Is the doctrine necessary?

In recent years, the decisions discussed in this article, and many others, have been cited and discussed by lawyers and arbitrators in the United States in an ongoing debate concerning the validity of the manifest disregard standard and the scope of its application. Those who oppose the doctrine point out that there is no mention of it contained in Section 10 of the FAA and that the Supreme Court's periodic "recognition" of the doctrine constitutes, in each case, dicta rather than an express holding by the court. Opponents of the doctrine also argue that it has little utility in maritime arbitration between sophisticated commercial interests and should only be applied to awards where the subject matter involves (a) statutory consumer claims, (b) unequal bargaining power between the parties, or (c) issues of public policy rather than private commercial disputes.

Proponents of the doctrine point out that, dicta or not, the Supreme Court has expressly confirmed the validity of the standard as recently as 1995. Moreover, irrespective of practical concerns for "efficient dispute resolution", commercial entities who agree to arbitrate implicitly allocate risks in their contractual relationships on the assumption that the governing law will be applied in resolving any disputes that later arise. As to the statutory construction of the FAA, it can be argued that the phrase "any other misbehavior [of the arbitrator]" under Section 10(a)(3), or the phrase "the arbitrators…so imperfectly executed [their powers]" under Section 10(a)(4) are broad enough to encompass a situation where arbitrators refuse to follow settled law. It can also be argued with some force that it is unlikely that Congress intended, under the Act, that an award should be reversible on procedural deficiencies such as "refusing to postpone the hearing" or "refusing to hear evidence" but not for the arbitrators' substantive fault in refusing to follow the law.

Striking a balance

The debate over the need for, and scope of, the doctrine seems likely to continue.
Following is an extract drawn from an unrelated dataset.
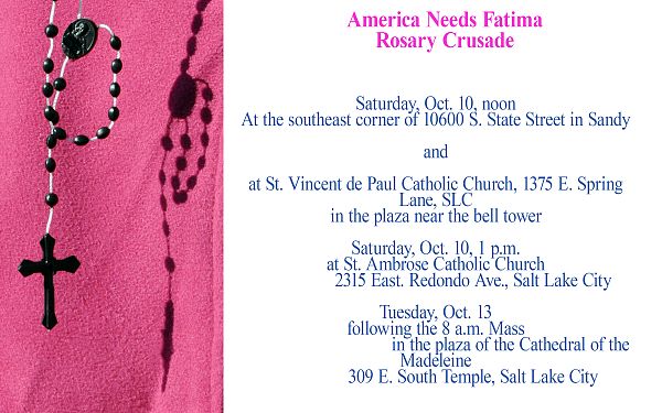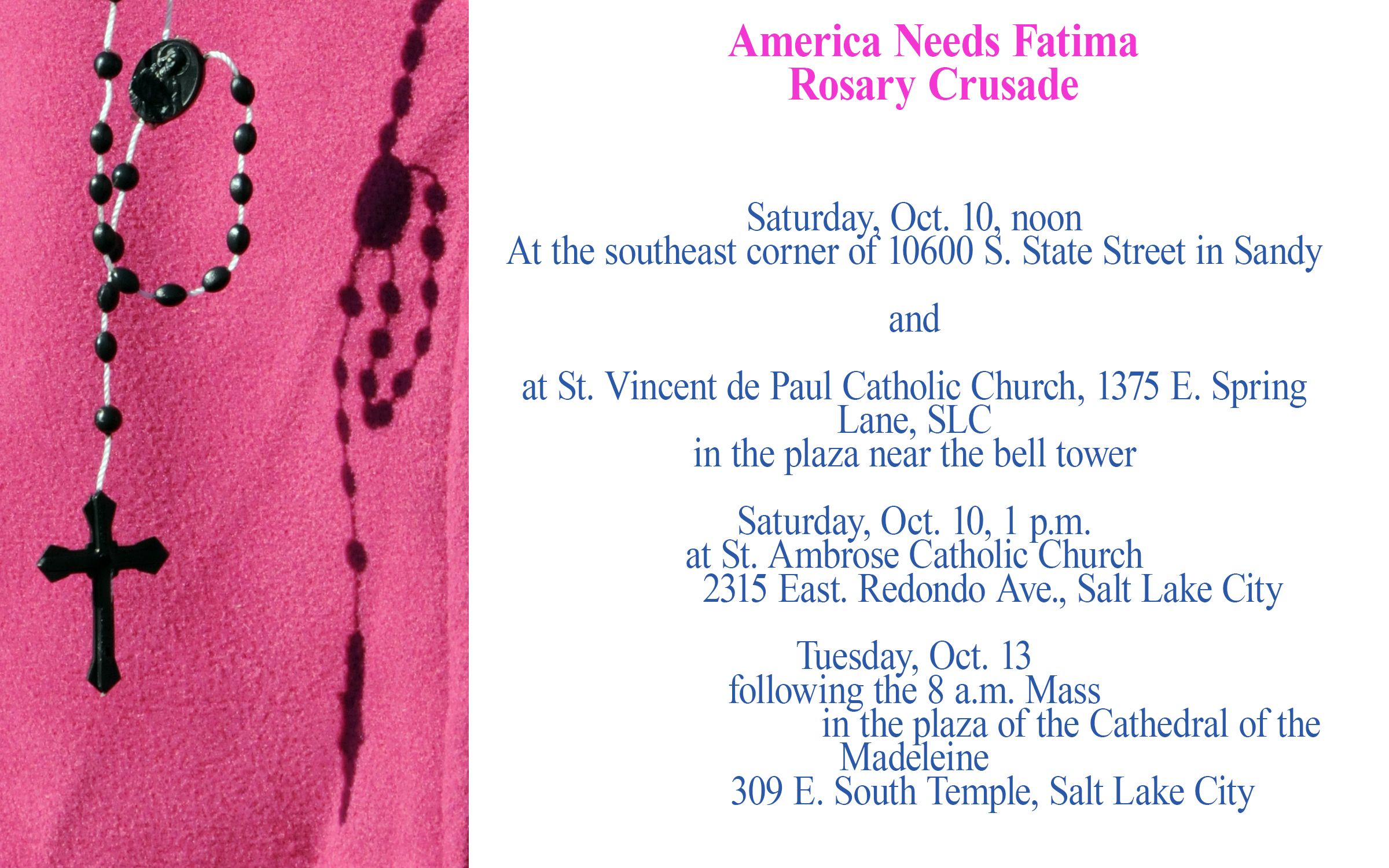 SALT LAKE CITY – Three local America Needs Fatima Public Square Rosary Crusade rallies are scheduled this year to bring the message of our Lady of Fatima to Utah and the world.

In the last three years, several cases have been filed in the United States District Court for the Southern District of New York alone, challenging maritime awards on the allegation that the arbitrators "manifestly disregarded" the law. The court has shown interest in one of these cases but, for the most part, vacutur motions have not been successful. It seems clear that, in maritime cases, the doctrine will apply only rarely.

The doctrine has its place in encouraging fairness and predictability of legal rulings in the arbitral process, but the vast majority of awards based on custom and practice in the industry do not qualify for judicial scrutiny and will not be overturned by the courts. Most "garden variety" maritime awards are poor candidates for judicial review, and the filing of a motion to vacate under Section 10 will serve little purpose but to increase costs to the parties. On the other hand, parties can expect higher judicial interest and scrutiny if the subject matter involves statutory rights, unequal bargaining power between the parties, or issues of public policy rather than purely private commercial disputes. Parties to maritime arbitration, their counsel, and arbitrators must keep in mind that the goal should be to balance the need for limited judicial review to ensure fairness and predictability in law-based awards with the utility and cost-efficiencies of final awards that are, in fact, "final".